Motifs: 0 1 2 3 4 5 6 7
Real Graph 10336 201 88741 29064 3021 9647 1419 13
Random Graphs (Mean) 10500 110 86899 75330 6376 449 204 6

**rt-twitter-copen**

Motifs: 0 1 2 3 4 5 6 7
Real Graph 6979 149 37569 34618 4294 183 179 11
Random Graphs (Mean) 7267 53 39859 44103 2298 205 52 1

Part C:

This part calculates the statistical significance of each connected motif with 3 or 4 nodes in each of the real-world networks by calculating its Z-score. It uses the results from Parts A and B to generate the random graphs and motifs counts for each random graph. It uses the mean and standard deviation of the counts of the motifs in the random graphs to calculate the Z-score of the counts of the motifs in the original graph.

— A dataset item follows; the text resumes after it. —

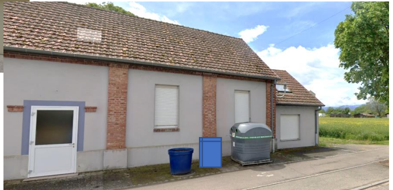
Rue de Rouffach, salle des fêtes

It returns a dictionary of Z-scores for each motif.

def calculate_z_scores(motifs_counts_real, motifs_counts_randoms):
    z_scores = {}
    for i in range(len(motifs_counts_real)):
        random_motif_counts = [
            motifs_counts_random[i] for motifs_counts_random in motifs_counts_randoms
        ]
        real_motif_count = motifs_counts_real[i]
        mean_random = np.mean(random_motif_counts)
        std_random = np.std(random_motif_counts)
        z_score = (real_motif_count - mean_random) / std_random
        z_scores[i] = z_score
    return z_scores
# save table

This part plots the Z-score of each motif on a bar chart with the motifs on one axis and their significance scores on the other axis. It uses matplotlib to plot the chart and saves it as a PNG file.

Output Graphs:

**bio-DM-LC**

bio-DM-LC

**rt-twitter-copen**

rt-twitter-copen

Conclusion:

This program analyzes the prevalence of connected motifs with 3 or 4 nodes in two real-world networks. It uses the graph-tool library to count the motifs and generates random graphs with the same degree sequence as the original graphs for comparison. It calculates the Z-score of the counts of each motif in the original graph by comparing them to the counts in the random graphs. It presents the results with a bar chart showing the Z-score of each motif.